Writing an Essay — 22
Read two short extracts from magazine articles and comment on the following statement:
We make our own luck.
Write 200–250 words.
In your essay:
- summarize and evaluate the key points from both texts;
- express your personal opinion and give 1–2 reasons in its support.
Use your own words throughout as far as possible and follow the rules of essay writing.
Extract 1, source: "This column will change your life: can you ever know your luck?" by Oliver Burkeman.
Extract 2, source: "The Luck Factor" by Richard Wiseman.

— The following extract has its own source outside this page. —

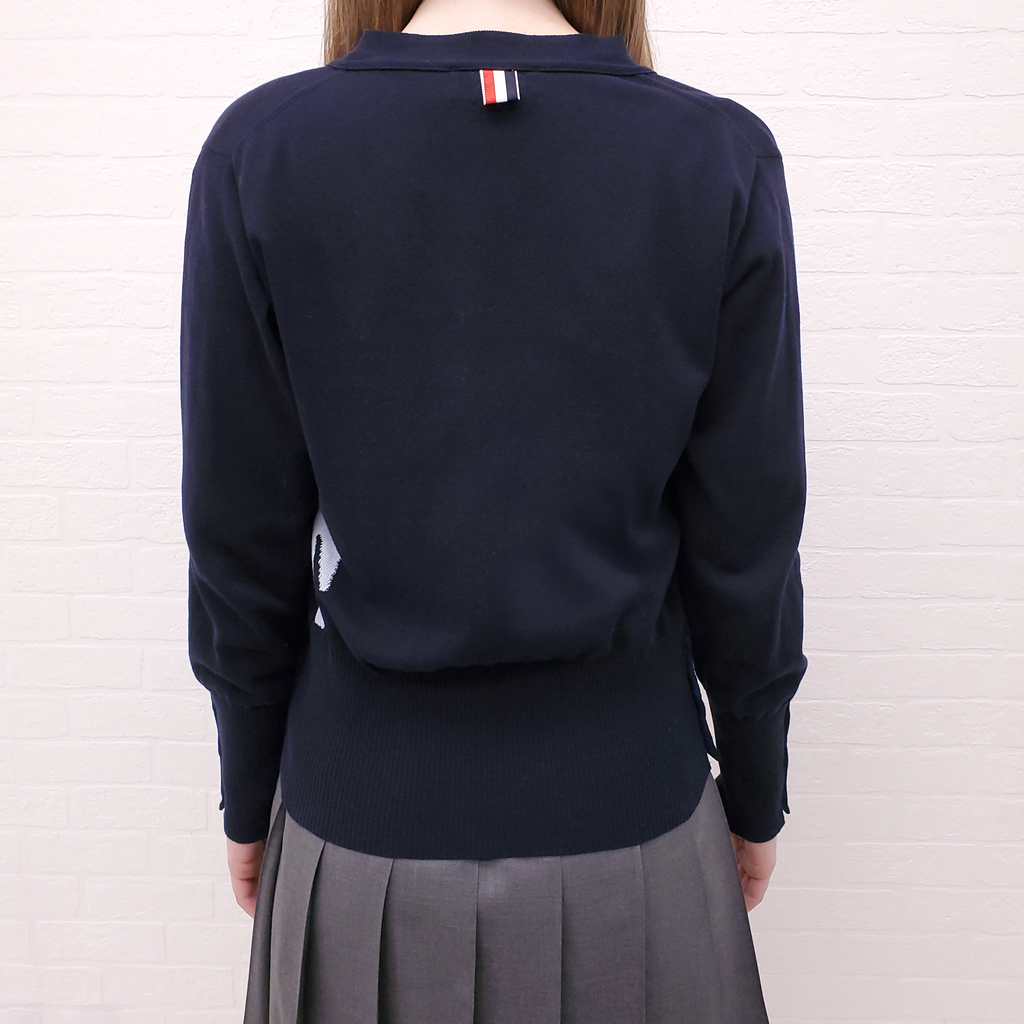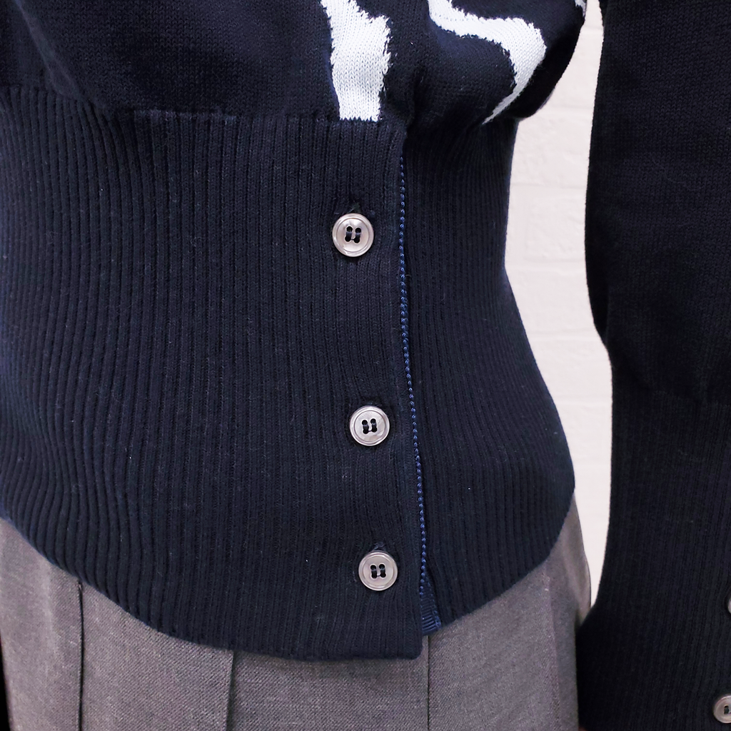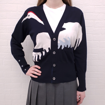THOM BROWNE NAVY CARDIGAN WITH BIRD PRINT - SIZE 40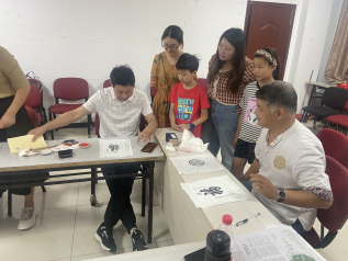 在未成年人們完成自己的拓畫設計后,來自省書協(xié)的張老師還自帶了印章給大家的作品進行現場題跋。大家看著自己的名字和設計語言被張老師寫在作品上,也是十分開心,覺得像是在見證古代文人如何進行作品賞鑒一樣,無形中又學到了許多相關的知識。

Few of us like to dwell on the role that luck plays in life. Think too much about luck in the context of your past accomplishments, and it's ego-bruising: it suggests that you might not be as talented as you believe. Looking into the future, meanwhile, it's a scary reminder of how much is outside your control. This must be why people come up with such nonsense as, "You make your own luck." A comforting thought. But the problem is that it's totally wrong. Luck is that aspect of events you can't influence. If you can influence it, then, to that extent, it's not luck. "You make your own luck" just means that you can reduce the role of luck by developing certain skills. But here's the truly scary part: even that's not true. In all sorts of situations, it turns out, more skill leads to a greater dependence on luck.
Oliver Burkeman
Over the years I have interviewed 400 volunteers, asked them to complete diaries, personality questionnaires, and intelligence tests, and invited them to my laboratory to participate in experiments. The findings have revealed that luck is not a magical ability or the result of random chance. Nor are people born lucky or unlucky. Instead, although lucky and unlucky people have almost no insight into the real causes of their good and bad luck, their thoughts and behavior are responsible for much of their fortune.
My research revealed that lucky people generate their own good fortune via four basic principles. They are skilled at creating and noticing chance opportunities, make lucky decisions by listening to their intuition, create self-fulfilling prophesies via positive expectations, and adopt a resilient attitude that transforms bad luck into good.